Four planting strategies
1. “No dig”
Digging and turning destroys soil structure and its living community. The top 10 centimetres of soil contain active microbes, worms and more that you’ll need for a successful garden! Linda Gilkeson, author of Backyard Bounty: The Complete Guide to Year-Round Organic Gardening in the Pacific Northwest, shares the harms and risks associated with deep cultivation:
- Breaking up important fungal mycelia. (Did you know a fungus is one of the largest living organisms on Earth?)
- Killing worms.
- Burying microbes with less oxygen and carbon dioxide exchange.
- Bringing up weed seeds to germinate.
- Breaking up the capillary flow of water to the roots from below.
Plant seeds and seedlings in the soil and organic matter, leaving the digging to worms.
2. Intensive gardening
No more neat row-by-row planting! Grow more food in less space with less work using these intensive gardening techniques:
- Create permanent garden beds to avoid trampling.
- Add lots of compost to slowly release nutrients, hold water and improve the soil.
- High-intensity mixed planting — use the entire surface of each bed.
- Succession planting — stagger plantings to extend the growing season and replant gaps after harvest with plants like kale, lettuce and garlic.
3. Crop rotation
For farm crops, rotation is a way to manage soil fertility (but for home gardens, adding compost is the best way to add nutrition). Rotation can be helpful to avoid soil-borne root diseases.
- All veggies need nitrogen.

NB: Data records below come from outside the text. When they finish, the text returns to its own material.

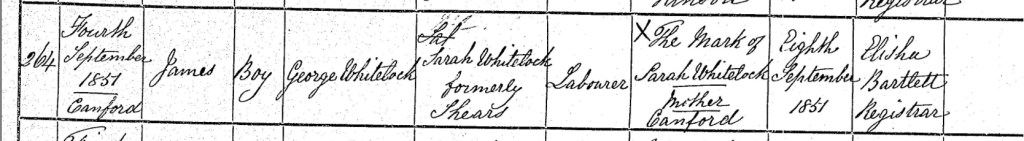 Frank’s younger brother, James Whitelock, was born on Thursday, the 4th day of September 1851, in the familiar surroundings of Cranford, Dorset, England. Just four days later, on Monday, the 8th day of September, their mother Sarah made the journey to Poole to formally register her newborn son's arrival. It was a journey made by many mothers of the time, often alone and on foot, carrying both the responsibility of motherhood and the weight of official duty. Registrar Elisha Bartlett, who had by then become well acquainted with the Whitelock family, carefully entered James’s birth into the register. He recorded that James, a boy, was the son of George Whitelock, a Labourer, and Sarah Whitelock, formerly Shears, of Cranford. In keeping with the customs of the time, and as she had done with her other children, Sarah signed the official document with her mark, an X, speaking quietly to the challenges of literacy that so many working-class families faced in Victorian England. Though small in detail, this simple act of registration captured not just the birth of a child, but a moment in the continuing story of a growing family. Each new name added to the register told of hope, perseverance, and the deeply rooted ties that held the Whitelocks together as they carved out their lives in the Dorset countryside.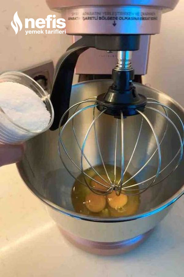 - Yumurta ve şekeri köpürene kadar çırpıyoruz.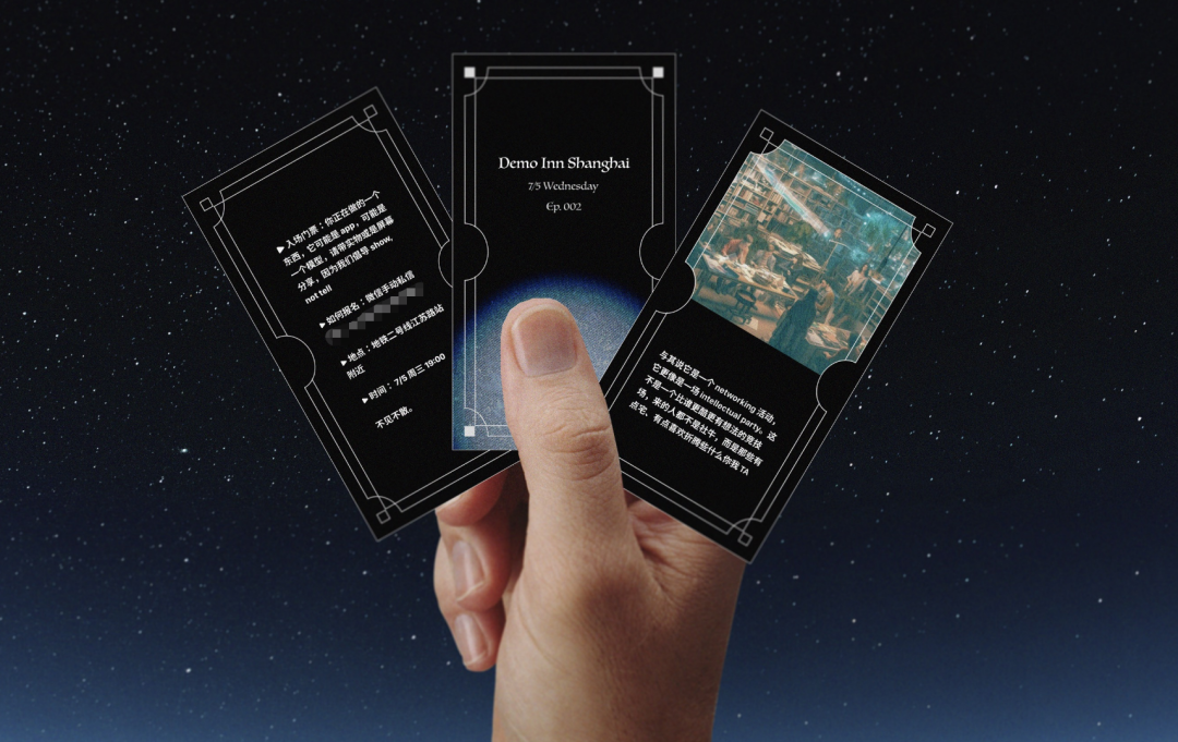 1)“Yes, and” 准则,必须基于相信对方在做的 demo 是可实现的情况,往上添加新的意见,即使对方的 demo 是去星际旅行的集装箱应当如何分配。2)在场地内,不能向他人介绍自己来自的学校、公司或者投资人。从本科开始我就在办各种社团活动,在我的经验里,内向的人可能不在少数。所以活动开始前,我问 Weiwei 是否需要通过抽签的形式来决定讲 demo 的顺序,Weiwei 还是想试试自由自荐发言顺序,因为她认为来参加这个活动的,应该都是有一些胆量的,所以不用特别“照顾”这些人。确定活动形式后,我们在各自的社交媒体上发布了邀请函,出乎意料得到了非常多的报名,BottleDream 甚至为我们提供了免费场地的支持。目前活动在 6 月和 7 月各办了 1 次,我们看到了非常多有趣的 Demo:Sen 的 “脑子瓦特🧠💨”系列,拍摄了不同小区晾衣架上的服装,通过 PS 做出了不同小区的时装展览图鉴。逗砂和她的小伙伴们,基于大语言模型,制作了一个可以和你对话的红发 AI 塔罗牌占卜师:SigniFi喵月以圆圈为主题,做了许多 GIF 动画,目前正在探索如何用 AI 帮助她打开更多的思路,她在自己的小红书账号发布了她的作品 @emptysoul.gifMingHe 调用 GPT 做了一款 AI 记账工具:Expensee,支持自然语言语音输入,AI 会自动帮你进行记录和归类,不仅是记账工具也是日记本工具。Archy 的 lo.fish 项目,输入一串英文单词以及一本你喜欢的书,lo.fish 会自动帮你生成一段基于这段文本的 “rap”,配上背景音乐供你收听,从而帮助你记住这些单词(AI 百词斩)康托分享了自己的民用三维扫描经历,将苏州海棠亭扫描了下来后,将资产通过 AI 的方式转成了其他的样子。还有许多非常有趣的项目没有 showcase 进来,在此后我们也许会建立一个网站来记录大家的项目及项目进展。我们在每次活动结束后,会进行一次反馈收集,目前大家都反馈活动氛围很 chill 很好,交流也很顺畅。第二次活动参与者 80% 是第一次参与过活动的人。我们想这应该可以代表参与者们对活动都很认同。Demo Inn Shanghai 第三次活动将在 8 月 12 日(周六)19:30 举办。基于此前两次的经验,我们调整了以下的规则:🔸 19:30 大家可以亲手试用往期同学成型的 demo,做更深入的理解和讨论。🔸 20:00 开始 Demo 分享,每次限定分享人数为 8 个人,需要带可以展示的 demo(实物或者 PPT 都可以)如果你此前的 demo 结束/放弃了,开始了新的项目,需要告诉大家此前 demo 放弃的原因/最终进展。🔸 开放旁听席:旁听者需要是之前 demo 过自己项目的朋友。我们非常欢迎想参与 Demo Inn Shanghai 的新的朋友,但为了形成较为稳定的社群氛围,我们希望能将每次新参与的小伙伴人数控制在总人数的 30% 以内。🔸推荐制:请已经在 Demo Inn Shanghai 做过 Demo 的伙伴推荐你加入社群,每在社群内做 1 次 demo 会获得 1 个邀请名额。申请者还需要提供一个你正在做的 demo,我们发现 idea 实践到 50% 以上 demo 会比较好玩。🔸邮件申请:请将你的 demo 内容以邮件的形式发送给Weiwei demo@weiwei.place 或 海辛 ringhyacinth@gmail.com(这是第二次活动开始前,大家想一起玩一下 Luma AI 扫描,将活动现场扫下来变成三维资产来纪念每一次的活动。但因为我扫描的速度太慢了,给了大家很多移动的机会,所以画面特别糊,刚好保护了肖像权。)当前场地由 BottleDream 支持,活动产生的酒水和零食由我和 Weiwei 平摊,也有小伙伴会自己带些吃的来。参与活动暂时没有额外的门票费用。但在未来我们很有可能会收取门票的费用,一是有了经费能支持我们更有心力地去组织活动;二是经费可以支持更去中心化的办更频繁的活动,给大家更多 demo 和交流的机会(目前一个月一次活动是我和 Weiwei 的日程极限);三是也许经费或许可以为参与者们争取到更多曝光和机遇,可以办 1 day conference 或者黑客松这样更多样化但会有一定预算要求的活动。我们畅想 Demo Inn Shanghai 也许在未来会发展成 South Park Commons, Join interact 这样的存在。所以我们也在寻找愿意赞助 Demo Inn Shanghai 的人或机构。如果你感兴趣的话,也欢迎随时联络我们:Weiwei demo@weiwei.place 或 海辛 ringhyacinth@gmail.com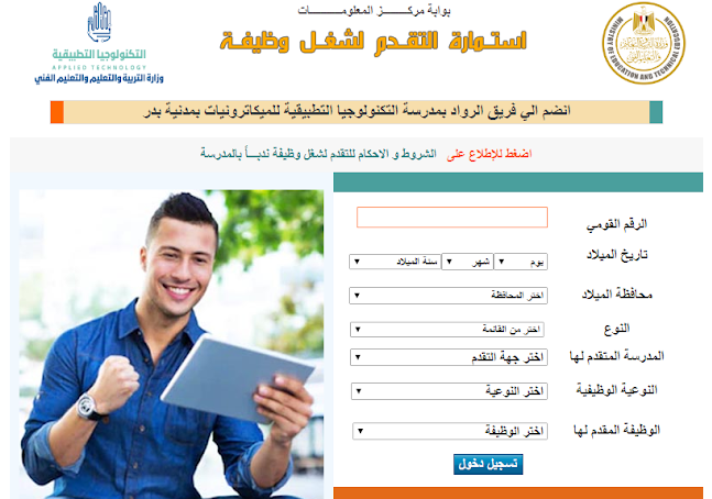اعلان وظائف التربيه والتعليم فتح باب الالتحاق بمدرسة التكنولوجيا للمعلمين والاداريين 2019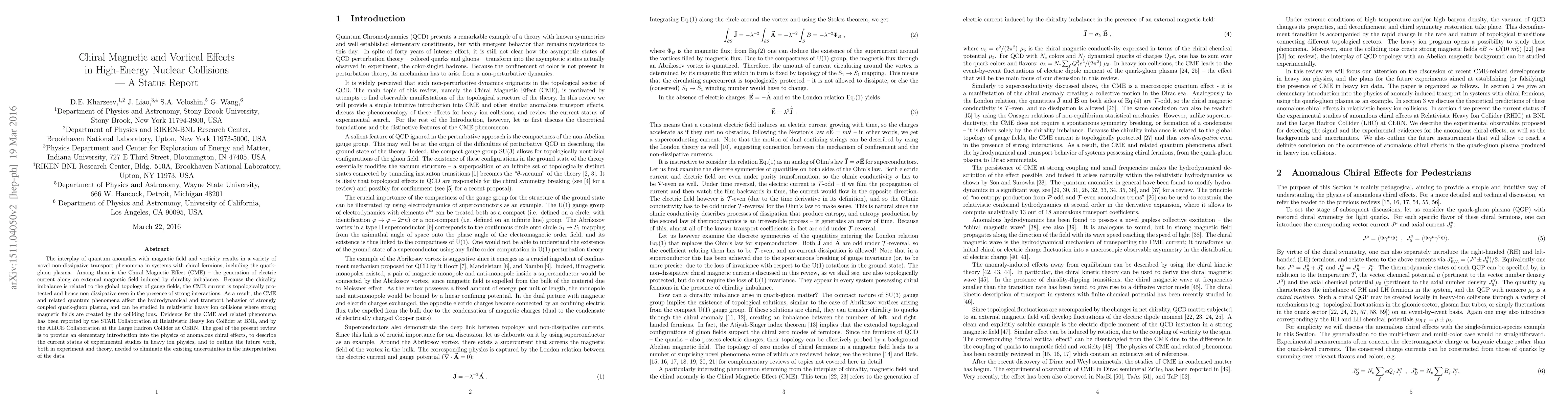 This paper reviews the Chiral Magnetic Effect (CME) in high-energy nuclear collisions, explaining how chirality imbalance generates current along magnetic fields, topologically protected and non-dissipative. Evidence for CME has been found in heavy ion collisions experiments at STAR and ALICE, aiming to clarify existing uncertainties in data interpretation with future experimental and theoretical work.
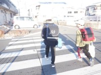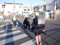 今朝の登校の様子です。雲が厚く、雨もぱらついています。
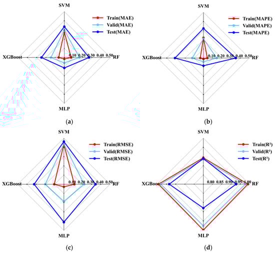 Prediction performance comparison of different machine learning methods. (a) Radar plot of MAE values for different models on training, validation, and test sets. (b) Radar plot of MAPE values for different models on training, validation, and test sets. (c) Radar plot of RMSE values for different models on training, validation, and test sets. (d) Radar plot of R2 values for different models on training, validation, and test sets.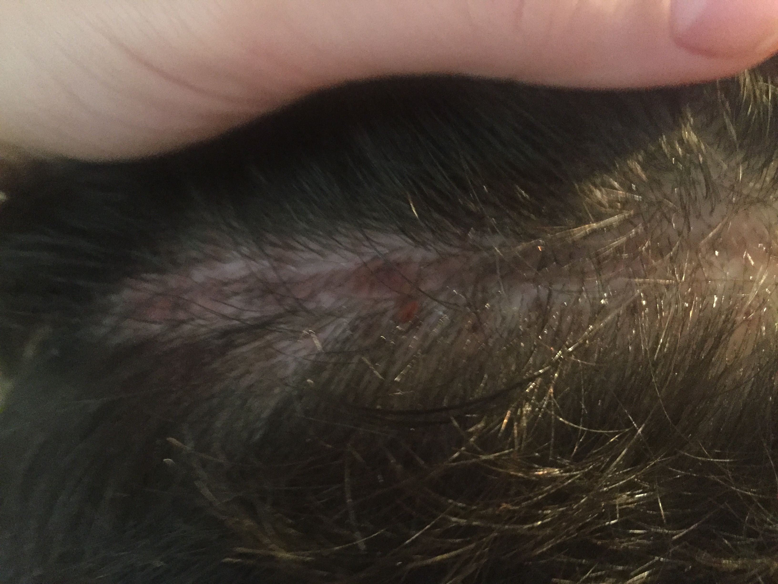 Hier die Bilder nach 14 Tagen. Langsam aber sicher verabschieden sich die „neuen" Haare. Der Narbe geht es auch von Tag zu Tag besser.
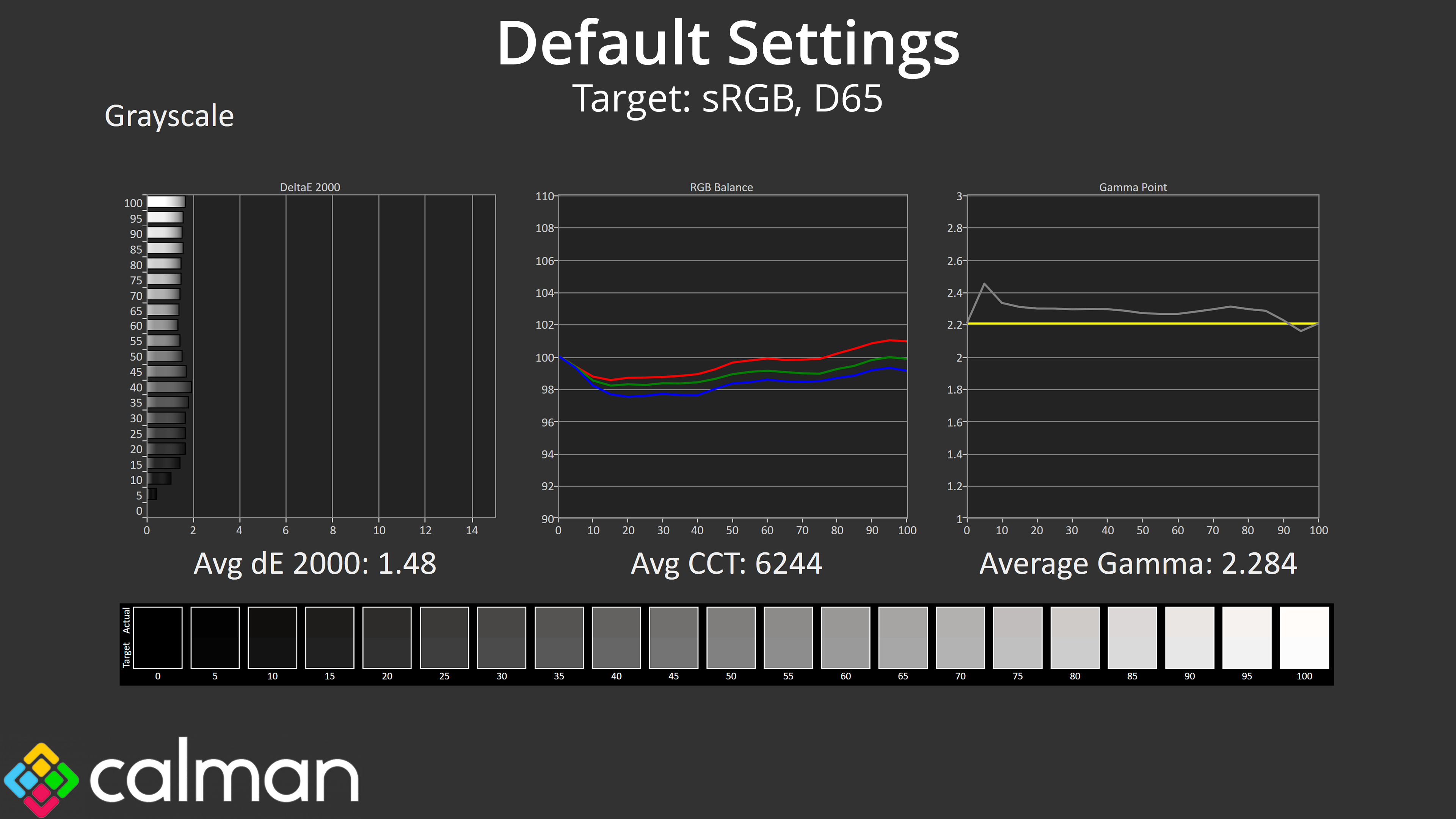 I'm also pleased to say that general factory calibration is solid. The colour balance is oh so slightly warm, averaging 6244K, but that's barely a 4% deviation from the 6500K target, so it's hardly noticeable. Gamma is also solid, a touch high across the range but averages 2.284 without any significant peaks or dips. Overall, the greyscale deltaE 2000 averages 1.48, indicating very good accuracy indeed.

Leafy greens and those in the cabbage family need it most.
- Nitrogen-fixing species (legume family) provide this nutrient to other plants and microbes in their immediate vicinity.
- Root veggies need potassium.
- Fruits like phosphorus.
- Rotate based on plant families since pathogens are host-specific.
- Rotate crops that are heavy feeders and deplete soil nutrients, such as garlic, squash and tomatoes.
- Most at risk for root diseases are the onion family and potatoes.
- A short rotation (a few months) is needed between carrot family crops to prevent carrot rust fly.
This means growing different crops close together at the same time to improve yields in a small space. If your climate allows, plant winter crops into summer plantings. In some cases, you can choose a “canopy” and an “understory.”
- Alternate rows of radishes (an early crop) with carrots.
- Stagger fall brassicas (e.g., broccoli, cauliflower and cabbage) with cucumbers (as long as they’re not shaded completely).
- Plant lettuce with any crop that gets larger, later in the season.
- Thread late-season squash vines between mature plants (or send them to ramble and spill into non-garden spaces).
The Permaculture Research Institute suggests:
- Avoid plants from the same family in the same grouping.
- Choose plants with similar water needs with different root systems (to avoid competition underground).
- Consider how plants might affect sunlight access (e.g., “nurse” plants provide shade and moderate the microclimate for new seedlings).
- Combine plants with different growth rates so they won’t interfere with each other at the most crucial points of development.